The other side says these stories are anecdotal, that there's little evidence of employment falling when minimum wages are increased. Wal-Mart very likely can pay a $12.50 minimum wage while covering its cost of capital, and retailers like Costco have shown that marginally higher wages can pay for themselves through lower employee turnover.

Each side has evidence to back up its arguments.

Economists Alan Krueger of Princeton and David Card of U.C. Berkeley looked at minimum-wage hikes in California in 1988 and New Jersey in 1992, and compared them to regions that didn't raise wages. The pair found that "increases in the minimum wage lead to increases in pay, but no loss in jobs."

Two economists from the London School of Economics looked at different data and used a different statistical technique to show that, indeed, raising the minimum wage does reduce employment, particularly among teenagers.

Andrajit Dube, then at U.C. Berkeley, looked at yet another set of data and found "strong earnings effects and no employment effects of minimum wage increases."

Three separate economists asked fast-food restaurants in Georgia and Alabama how they would react to minimum-wage increases implemented between 2007 and 2009. Fifty-three percent said increasing employee performance standards was very important to deal with the wage hikes. Twenty-nine percent said they'd cut weekly hours of some employees. Eight percent said they'd reduce headcounts.

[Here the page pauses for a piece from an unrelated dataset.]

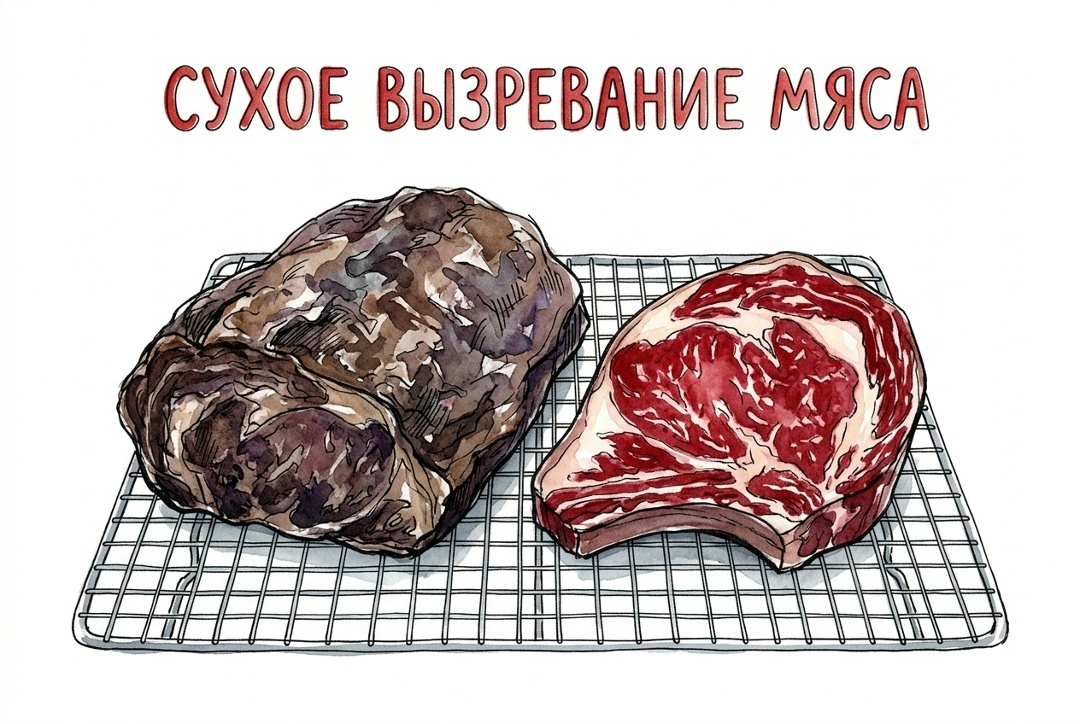 Впереди — захватывающее путешествие в мир науки и мясных традиций. Для начала изучим два базовых способа созревания, а после — раскроем всю подноготную этого гастрономического искусства.

Bottom line: It's a more complicated issue than we make it out to be.

Here's what we do know. Adjusted for inflation, the federal minimum wage (currently $7.25 per hour) has declined sharply over the last forty years:

Source: Bureau of Labor Statistics, Federal Reserve, author's calculations.

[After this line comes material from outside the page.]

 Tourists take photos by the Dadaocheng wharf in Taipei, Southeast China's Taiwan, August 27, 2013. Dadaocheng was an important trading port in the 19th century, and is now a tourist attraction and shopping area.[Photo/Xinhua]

But the problem with a chart like this is that it masks differences in cost of living throughout the country. Some states and cities have their own minimum wages, but differences in pay are often swallowed by differences in costs. The Bureau of Labor Statistics' Cost of Living Index shows that it costs an average of 87% more to live in Honolulu than it does Cedar City, Utah, but minimum wages in the two cities are the same. Whether a worker finds a wage "fair," or how likely he or she is to find a minimum wage worth working for, varies wildly by location.

In the end, the problem with economists looking at the minimum-wage debate is that the issue is far more political than it is economic. And alas, politics being what they are, there are few agreements, and the only constants are frustration and disagreement.